Russia begins to bury dead

? Weeping relatives bent over the uniformed body of Col. Konstantin Litvinov and threw handfuls of dirt onto his coffin Tuesday as Russians began to bury the hostages killed during a 58-hour standoff with Chechen rebels.

A senior Russian official, meanwhile, issued the Kremlin’s strongest defense yet of the decision to fill the Moscow theater with a secret gas before special forces raided it early Saturday, rescuing hundreds and killing 50 of their captors.

The incapacitating gas was intended to prevent the hostage-takers from triggering explosives strapped to their waists and rigged around the theater. It worked, but it also knocked out most of the hostages, killing 116.
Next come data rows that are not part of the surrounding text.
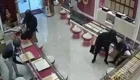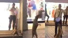 Эвелина стояла на лестнице и раскладывала товар на полках. В этот момент к ней сзади подошел посетитель и стал распускать руки. Девушка оказалась не робкого десятка и смогла постоять за себя.
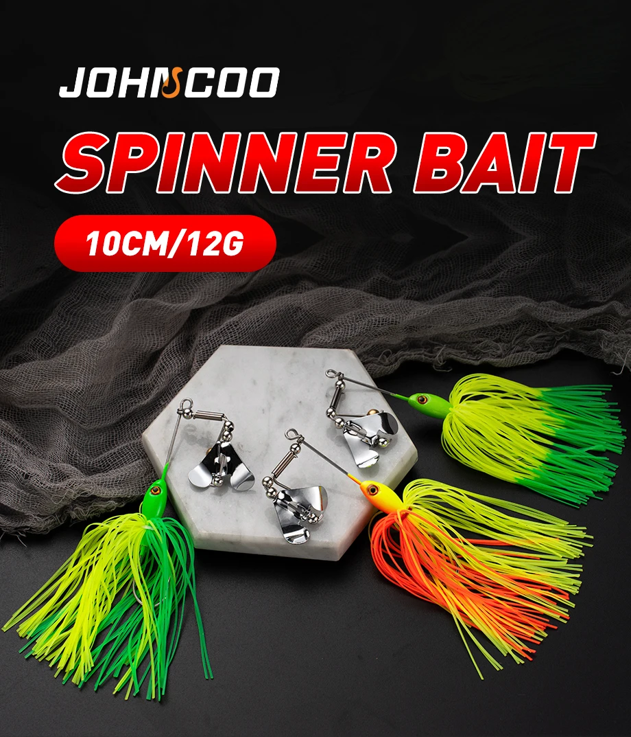 Johncoo-señuelo de pesca con cebo giratorio, plantilla de hoja de 12g y 16g, falda de goma Artificial, bailarina Spinnerbait wobbler para Lucio
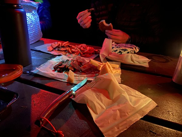 We gathered round the picnic table for our dinners and discussed our day’s events. We shared strips of billtong, dried ham, slices of Parmigiano Reggiano and rosemary olive oil Asiago cheeses, dried apples, and pears.
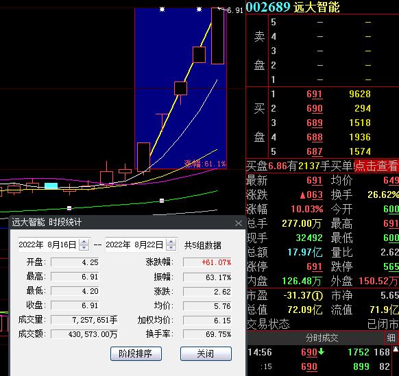 8月22日,熱門股遠(yuǎn)大智能再度漲停,截至收盤,報(bào)6.91元,實(shí)現(xiàn)5連板累計(jì)漲幅達(dá)61.07%。
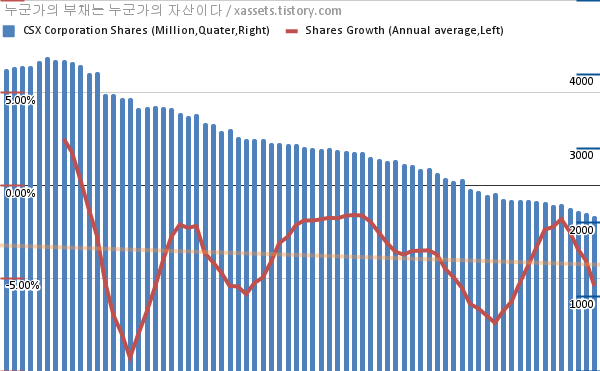 CSX 주식회사 자사주 매입 소각 차트 (2005년~2022년)
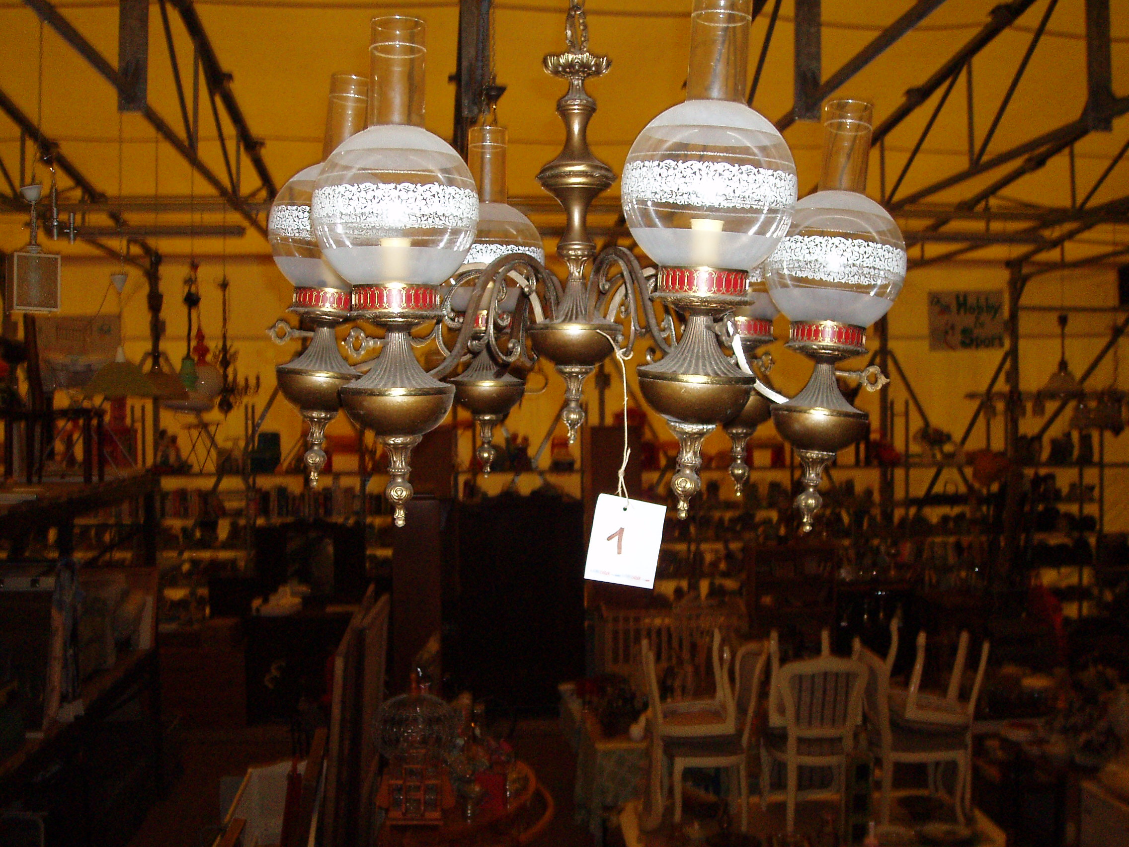 Lampadario a sei bocce in vetro decorato, diametro 60 cm, ottime condizioni
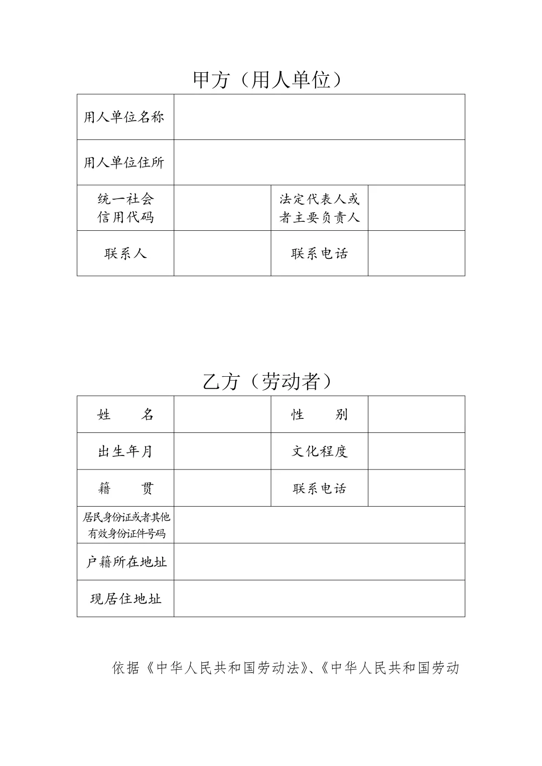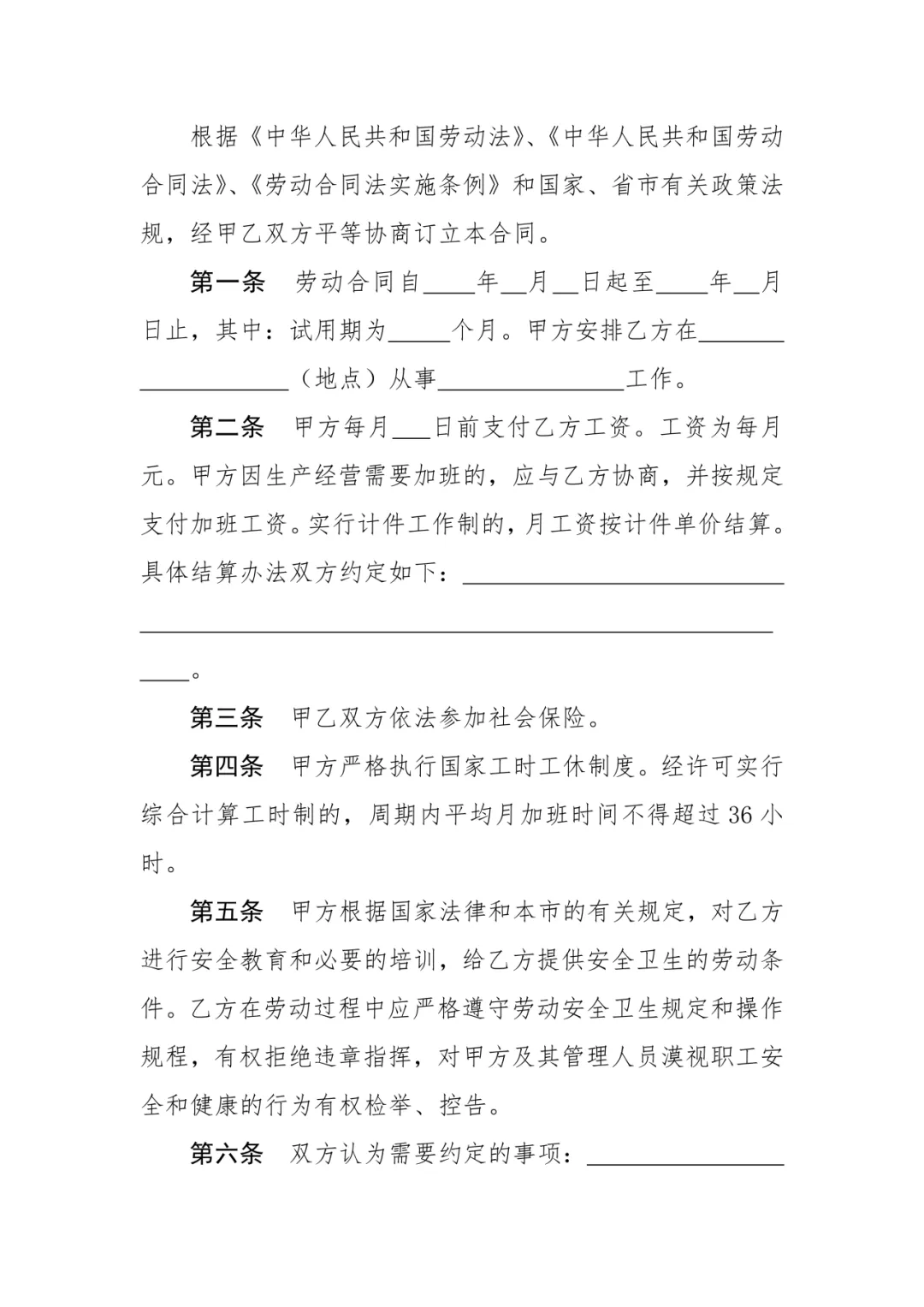 劳动合同范本

As of Tuesday, 245 rescued hostages remained hospitalized, 16 listed in serious condition, Interfax reported. A total of 418 patients have been released. Among the dead were nine foreigners, including one American.

“There was not one scenario that could have guaranteed the lives of the hostages and the special forces in a theater filled with 330 pounds of explosive devices,” said Sergei Yastrzhembsky, an aide to President Vladimir Putin.
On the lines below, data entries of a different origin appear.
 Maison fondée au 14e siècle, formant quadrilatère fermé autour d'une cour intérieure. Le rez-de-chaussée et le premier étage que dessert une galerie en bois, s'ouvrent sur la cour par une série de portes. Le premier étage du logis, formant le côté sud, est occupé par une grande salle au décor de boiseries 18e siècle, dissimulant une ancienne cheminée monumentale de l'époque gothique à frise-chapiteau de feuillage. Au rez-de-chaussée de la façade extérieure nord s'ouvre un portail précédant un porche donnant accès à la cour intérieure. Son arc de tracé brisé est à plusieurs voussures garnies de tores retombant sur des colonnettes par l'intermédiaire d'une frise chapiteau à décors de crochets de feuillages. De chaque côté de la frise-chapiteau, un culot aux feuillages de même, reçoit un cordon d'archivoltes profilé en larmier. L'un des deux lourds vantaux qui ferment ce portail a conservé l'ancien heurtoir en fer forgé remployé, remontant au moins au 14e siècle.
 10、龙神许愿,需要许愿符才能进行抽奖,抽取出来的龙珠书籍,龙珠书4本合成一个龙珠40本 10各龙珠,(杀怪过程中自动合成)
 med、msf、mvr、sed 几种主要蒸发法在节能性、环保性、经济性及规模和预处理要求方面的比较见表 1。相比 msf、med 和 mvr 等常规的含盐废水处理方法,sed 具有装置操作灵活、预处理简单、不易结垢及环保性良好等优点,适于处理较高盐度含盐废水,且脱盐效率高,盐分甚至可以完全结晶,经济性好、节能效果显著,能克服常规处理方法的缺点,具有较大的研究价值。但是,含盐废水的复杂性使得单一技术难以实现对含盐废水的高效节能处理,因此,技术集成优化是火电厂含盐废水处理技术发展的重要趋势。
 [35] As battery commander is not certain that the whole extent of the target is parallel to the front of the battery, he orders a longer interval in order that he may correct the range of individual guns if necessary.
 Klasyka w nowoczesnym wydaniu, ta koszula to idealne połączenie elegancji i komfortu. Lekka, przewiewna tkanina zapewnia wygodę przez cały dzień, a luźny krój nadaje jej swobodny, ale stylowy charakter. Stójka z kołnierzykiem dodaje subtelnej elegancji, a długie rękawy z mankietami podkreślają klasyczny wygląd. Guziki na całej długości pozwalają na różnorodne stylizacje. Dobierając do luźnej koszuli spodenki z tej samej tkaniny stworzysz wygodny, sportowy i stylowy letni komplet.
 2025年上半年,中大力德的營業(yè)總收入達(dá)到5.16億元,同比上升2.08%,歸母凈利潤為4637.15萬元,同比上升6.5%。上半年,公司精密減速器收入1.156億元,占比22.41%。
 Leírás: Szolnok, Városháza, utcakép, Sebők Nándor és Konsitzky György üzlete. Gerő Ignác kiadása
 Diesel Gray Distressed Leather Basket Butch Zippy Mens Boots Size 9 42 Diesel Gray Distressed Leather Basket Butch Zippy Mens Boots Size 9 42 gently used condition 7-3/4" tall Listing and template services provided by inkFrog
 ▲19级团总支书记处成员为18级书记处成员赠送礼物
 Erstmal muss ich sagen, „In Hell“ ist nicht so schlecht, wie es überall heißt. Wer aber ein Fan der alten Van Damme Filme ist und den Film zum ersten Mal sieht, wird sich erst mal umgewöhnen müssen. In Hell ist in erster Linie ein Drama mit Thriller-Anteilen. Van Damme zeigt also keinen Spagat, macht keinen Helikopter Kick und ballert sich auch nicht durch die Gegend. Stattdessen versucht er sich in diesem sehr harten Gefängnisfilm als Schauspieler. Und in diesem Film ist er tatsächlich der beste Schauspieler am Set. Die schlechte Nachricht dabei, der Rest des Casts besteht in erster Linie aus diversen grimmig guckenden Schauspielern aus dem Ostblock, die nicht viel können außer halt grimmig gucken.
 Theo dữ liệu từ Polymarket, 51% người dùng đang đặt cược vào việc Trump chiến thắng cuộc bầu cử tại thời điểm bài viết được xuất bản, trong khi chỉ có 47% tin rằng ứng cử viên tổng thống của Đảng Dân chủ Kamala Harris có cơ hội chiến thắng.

At a Moscow cemetery, Russian soldiers in heavy green coats marched under gray, rainy skies to pay their final respects to Litvinov, who was in the audience of the “Nord-Ost” musical production with friends when the terrorists struck. Litvinov’s body was laid out in uniform, surrounded by dozens of red carnations, as his anguished wife and grown children stood nearby.

Municipal workers place a marker on the grave of Col. Konstantin Litvinov, one of the hostages killed in the raid on a Moscow theater. Gas pumped into the theater killed 116 hostages.
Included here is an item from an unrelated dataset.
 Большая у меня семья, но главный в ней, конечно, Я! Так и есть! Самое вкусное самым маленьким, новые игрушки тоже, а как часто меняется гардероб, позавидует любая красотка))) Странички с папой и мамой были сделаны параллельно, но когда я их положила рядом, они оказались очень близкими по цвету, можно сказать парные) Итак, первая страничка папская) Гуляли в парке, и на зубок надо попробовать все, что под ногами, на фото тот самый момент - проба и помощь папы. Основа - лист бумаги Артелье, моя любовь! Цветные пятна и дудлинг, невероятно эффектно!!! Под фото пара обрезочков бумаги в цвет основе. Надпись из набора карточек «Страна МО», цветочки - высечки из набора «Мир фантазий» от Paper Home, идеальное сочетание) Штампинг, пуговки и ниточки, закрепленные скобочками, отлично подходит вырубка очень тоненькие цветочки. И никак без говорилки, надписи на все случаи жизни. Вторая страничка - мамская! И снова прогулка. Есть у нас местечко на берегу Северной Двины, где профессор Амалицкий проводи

Across town, friends of a 25-year-old engineer and theater lover, identified by Russian television as Alexei Batchkov, gathered on the muddy paths of the Kuzminskoye cemetery around a freshly dug grave. Russian television showed them throwing clumps of earth over the coffin.

While the Saturday rescue operation has been criticized in the Western media, most Russians appear to have accepted the losses. An attempt by the liberal Union of Right Forces faction in the Russian parliament to set up a commission to probe all aspects of the hostage crisis including the rescue looked doomed when it failed to win support of key centrist parties Tuesday.

“Fatalities would have been inevitable in any case,” said Andrei Seltsovsky, chief of Moscow’s health department, according to Interfax. “If the terrorists had simply left the building and surrendered to the authorities, many seriously ill people would have remained inside.”

The U.S. Embassy confirmed Tuesday the death of American Sandy Booker, 49, an electrician from Oklahoma City who was among the hostages. U.S. Ambassador Alexander Vershbow said one other American survived.